Although his email opt-out link has been edited out of that email (see "please clic to unsubscribe." at the bottom), it appears that the email was originally published to Posterous in its entirety via his iPhone and then edited later, after it was picked up by Google.
(Update: The author of the original blog post acknowledges this below.)
Good point. That blog post has a link "to sign up for facebook", and when you click on it, it reveals the gmail address of the user (which is something @gmail.com). At least that answers the question of how Google found it.
There is no way for Google to find those pages unless those pages are linked from somewhere else or Google is getting URLs from users' browsing activity. The first scenario makes this relatively harmless. The second makes it a privacy issue on Google's end.
I understand that the page has to be public, but why include the email address there? The person who received the link knows what email address it applies to. Every opt out/unsubscribe page I've used didn't display my email.
I can debunk the misconception that Google somehow crawled "private" or Gmail content to discover these links. How can I prove it? Because Yahoo crawled these pages too. Here's a screenshot I took of Yahoo returning similar pages: http://www.mattcutts.com/images/yahoo-facebook-leak.png including a Gmail address. Yahoo clearly didn't discover that content via Gmail--it found it via public links on the public web. That's how Google found these pages too.
Isnt it a bit more concerning that we can modify these peoples settings by clicking the links? (at least it appears we can)
I have not checked but there may be a way to modify the url string to view anyones email (sample URL taken from that guys post below)
It would probably be near impossible to view an email for a specific account or any random account. The mid value can be removed entirely (it seems) and I'm guessing u is a userid(?), but you would have to figure out the value for k that matches the id.
You are on to something here. A link that auto logs u out. Can we embed this link in a post on facebook, therefore auto logging people out just by visiting their wall? It would be the ultimate annoyance.
So, how did Google become aware of the existence of these URLs in the first place? I seriously doubt they're linked from another Facebook page.
Is Google harvesting links from secure pages using their toolbar or something? Are people's personal mails leaking through other means?
I noticed that a few of them are indexed by Google because someone decided to reprint the email - URLs and all - to their blog. But that's a rare exception,and obviously not the case with the author of the article.
It's a pretty bad practice. I guess for semi-private material it's okay, but otherwise that's liable to leak. The biggest hole in it is referrers leaking to other sites, but I can think of other methods (eg probing the CSS history exposure bug).
URLs and embedded information
Some of our services, including Google Toolbar and Google Web Accelerator, send the uniform resource locators (“URLs”) of web pages that you request to Google. When you use these services, Google will receive and store the URL sent by the web sites you visit, including any personal information inserted into those URLs by the web site operator. Some Google services (such as Google Toolbar) enable you to opt-in or opt-out of sending URLs to Google, while for others (such as Google Web Accelerator) the sending of URLs to Google is intrinsic to the service. When you sign up for any such service, you will be informed clearly that the service sends URLs to Google, and whether and how you can opt-in or opt-out.

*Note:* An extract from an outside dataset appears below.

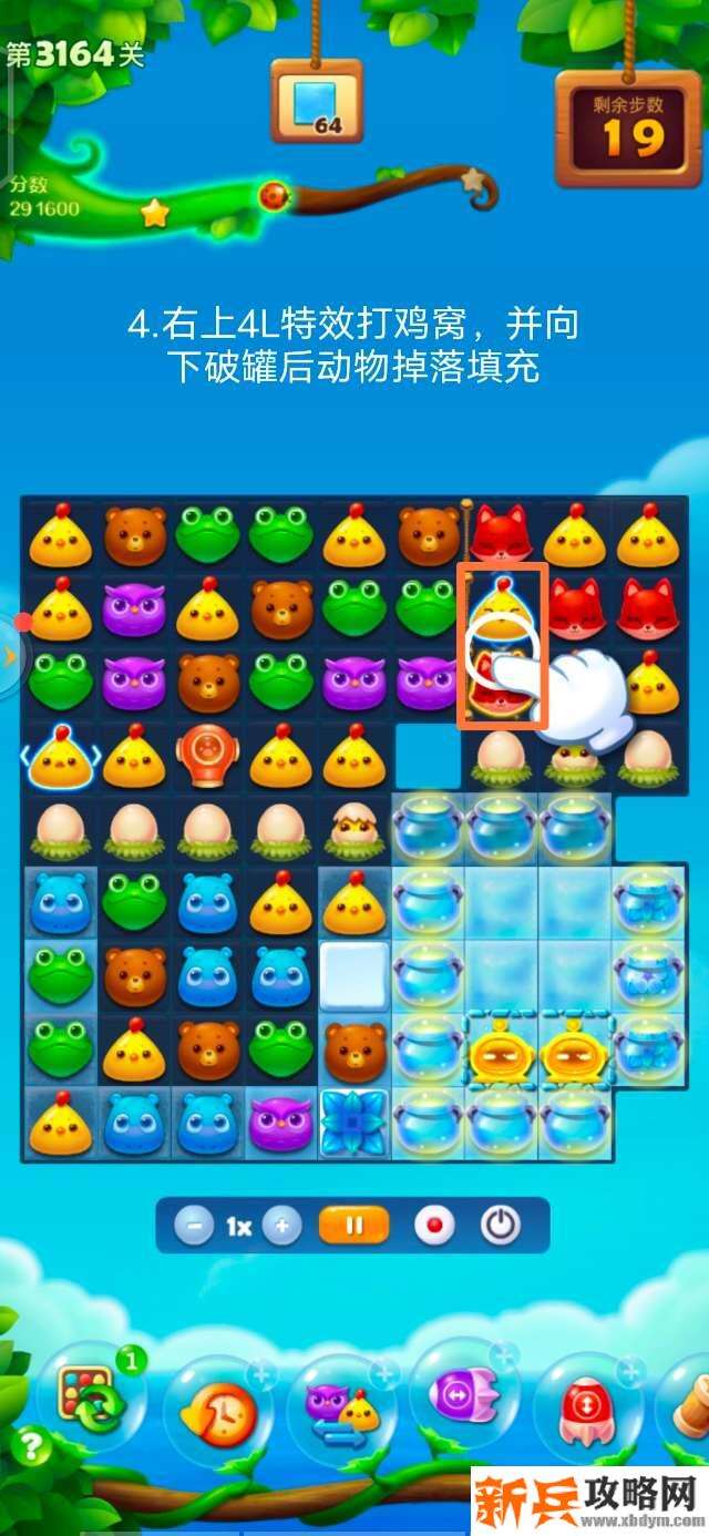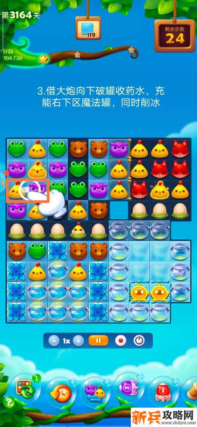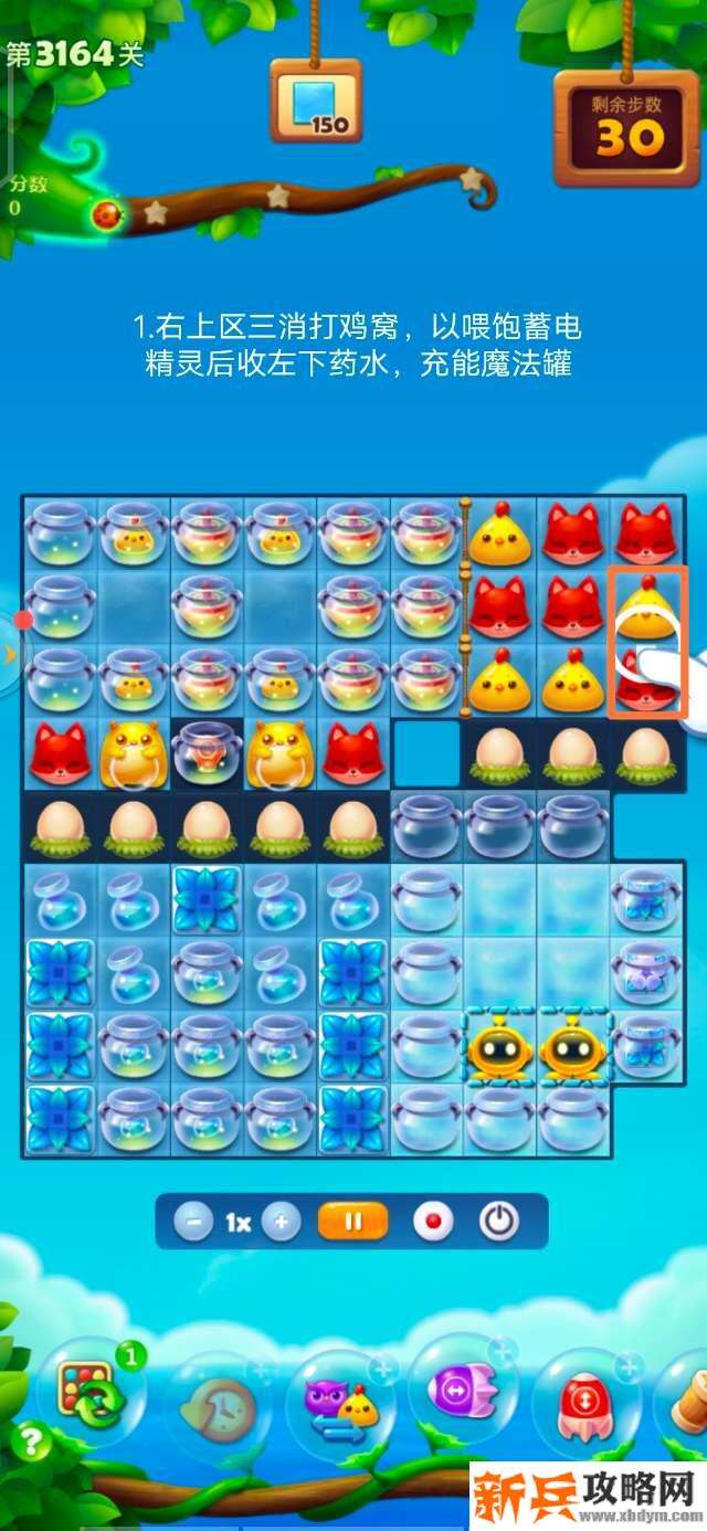 1.右上区三消打鸡窝,以喂饱蓄电精灵释放后,收集左下区魔法药水,充能魔法罐;

For example, when you submit information to a web page (such as a user login ID or registration information), the operator of that web site may “embed” that information – including personal information – into its URL (typically, after a question mark (“?”) in the URL). When the URL is transmitted to Google, our servers automatically store the URL, including any personal information that has been embedded after the question mark. Google does not exercise any control over these web sites or whether they embed personal information into URLs.

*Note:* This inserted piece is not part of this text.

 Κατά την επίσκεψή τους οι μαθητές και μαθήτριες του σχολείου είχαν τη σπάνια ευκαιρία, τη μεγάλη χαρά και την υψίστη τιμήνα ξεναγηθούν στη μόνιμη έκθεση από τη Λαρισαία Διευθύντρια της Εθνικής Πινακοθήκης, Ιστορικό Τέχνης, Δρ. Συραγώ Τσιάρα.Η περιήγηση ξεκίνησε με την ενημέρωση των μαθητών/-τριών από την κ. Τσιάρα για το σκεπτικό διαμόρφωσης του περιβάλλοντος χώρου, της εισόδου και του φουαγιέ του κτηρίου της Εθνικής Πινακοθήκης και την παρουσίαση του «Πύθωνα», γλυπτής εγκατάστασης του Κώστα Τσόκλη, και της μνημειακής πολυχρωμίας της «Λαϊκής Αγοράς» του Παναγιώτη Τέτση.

We process your requests in order to operate and improve the Google Toolbar and other Google services. For example, by knowing which web page you are viewing, the PageRank feature of Google Toolbar can show you Google's ranking of that web page. And the Sidewiki feature can tell you if others have written Sidewiki entries on a given page. Likewise, by processing the text on a web page, SpellCheck can offer spelling suggestions and AutoLink can provide useful links to information.
If you look at http://facebook.com/robots.txt there's actually a sitemap. It's protected, and may well not contain these pages, but I have heard that Google and other privileged partners have access to it.
In what situation would the HTTP referrer header report Google when clicking away from a Facebook link? Not only is there no Google search field on Facebook, but Facebook also reroutes links through an intermediary page in order to hide the actual referring page.
I wonder why we are seeing more issues about Facebook privacy issues recently. Is it because the coverage of this has made people start questioning their policies and looking into things that have not been researched or is Facebook becoming more lacksidasical about privacy as time passes? Or, have these things been said a lot in the past, and we are just now realizing the plethora of complaints?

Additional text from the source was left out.